Tight alternating knot constant
Description of constant
$C_{22b} = b_{o}$ is the largest constant for which one has an inequality \(L \geq b_{o} C\) for all knots that admit an alternating diagram, where $L$ is the ropelength of a knot (or link) with crossing number $C$. The ropelength $L$ is the infimum over all embeddings of the knot (or link) of the ratio of the contour length of the knot to its thickness. The thickness is defined as the radius of the smallest circle that passes through any three points on the knot (where collinear points yield an infinite radius). Colloquially, the ropelength is the least amount of rope required to tie a specific knot in a rope of unit radius. See [CKS2002] for the full definition.
Known upper bounds
Upper bounds are typically found by constructing alternating torus knots or links and minimizing the parameters of their construction.

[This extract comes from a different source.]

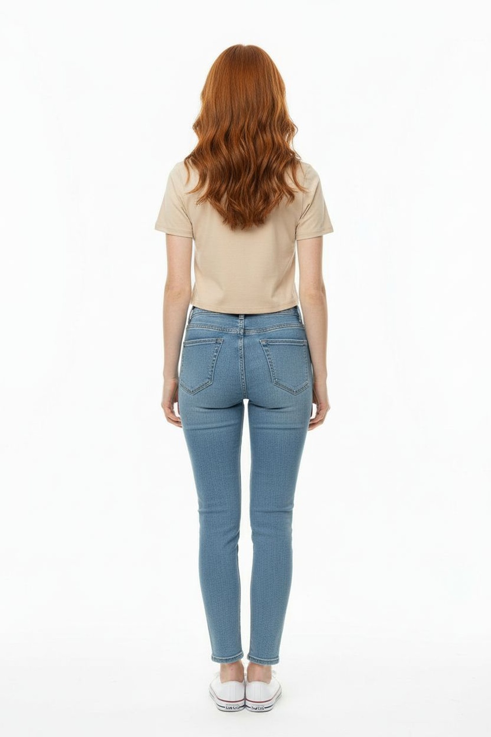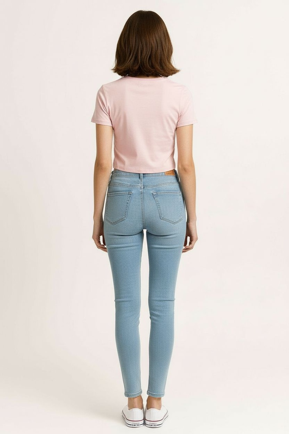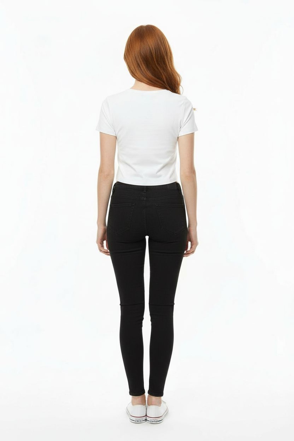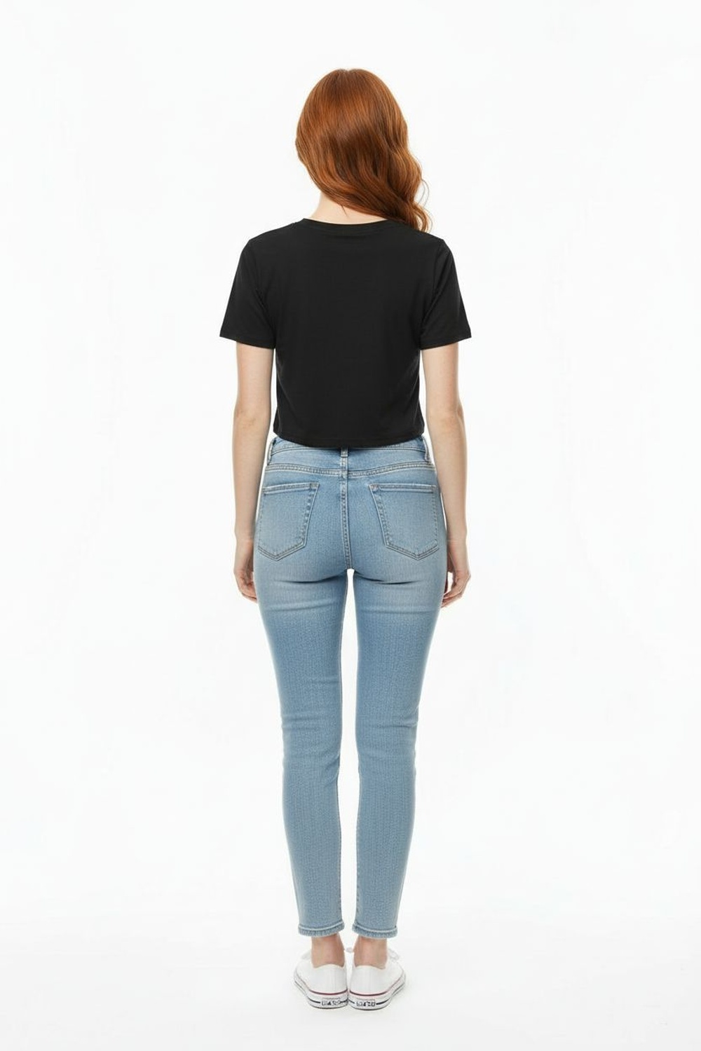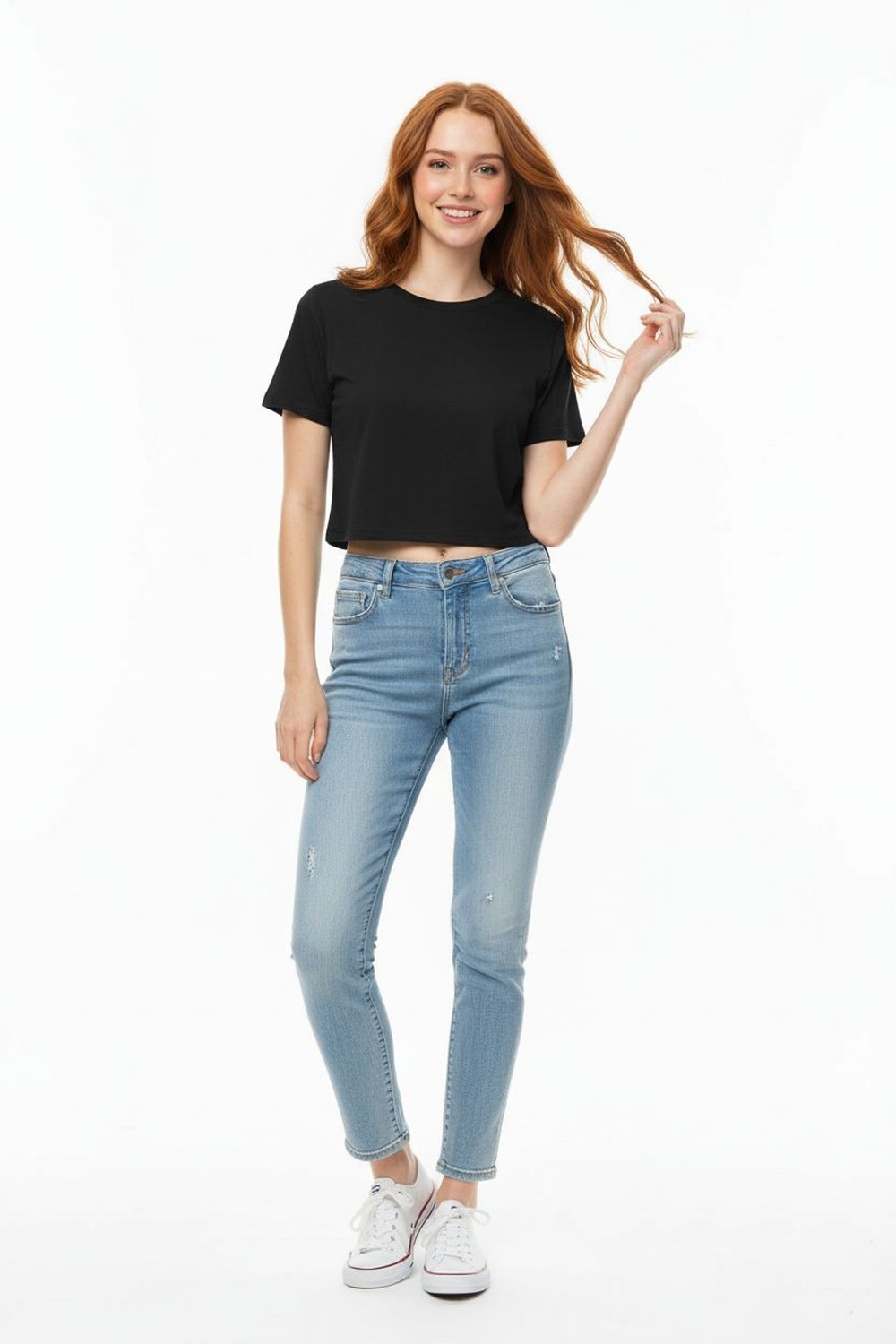 Playera básica de manga corta con cuello redondo, ajuste al cuerpo, corte recto, largo a la cintura, terminados limpios

| Bound | Reference | Comments |
|---|---|---|
| 8.50 | [O2013] | Double helix |
| 7.63 | [Huh2018] | Four-strand superhelix |
| $1+\pi\sqrt{4+\frac{1}{\pi^2}}\approx 7.36$ | [Klotz2021] | Wrapped circle |
| 7.31 | [Kim2024] | Asymmetric double helix |
Known lower bounds
| Bound | Reference | Comments |
|---|---|---|
| $\frac{1}{59.5}\approx 0.017$ | [Diao2024] | First proof of positivity |
Additional comments
- There is also a convention where the ropelength is defined relative to a unit-diameter rope, but unit-radius is more common.
- Non-alternating knots have a three-quarter power lower bound, discussed in 22a.
References
- [CKS2002] Cantarella, Jason; Kusner, Robert B.; Sullivan, John M. On the minimum ropelength of knots and links. Invent. Math. 150, No. 2, 257-286 (2002).
- [Diao2024] Diao, Yuanan. The ropelength conjecture of alternating knots. Mathematical Proceedings of the Cambridge Philosophical Society. Vol. 177. No. 2. Cambridge University Press, 2024.
- [Olsen2013] Olsen, Kasper W., and Jakob Bohr. A principle for ideal torus knots. Europhysics Letters 103.3 (2013): 30002.
- [Huh2018] Huh, Youngsik, Hyoungjun Kim, and Seungsang Oh. Ropelength of superhelices and (2, n)-torus knots. Journal of Physics A: Mathematical and Theoretical 51.48 (2018): 485203.
- [Klotz2021] Klotz, Alexander R., and Matthew Maldonado. The ropelength of complex knots. Journal of Physics A: Mathematical and Theoretical 54.44 (2021): 445201.
- [Kim2024] Kim, Hyoungjun, Seungsang Oh, and Youngsik Huh. Efficiency of non-identical double helix patterns in minimizing ropelength of torus knots. Physica Scripta 99.7 (2024): 075240.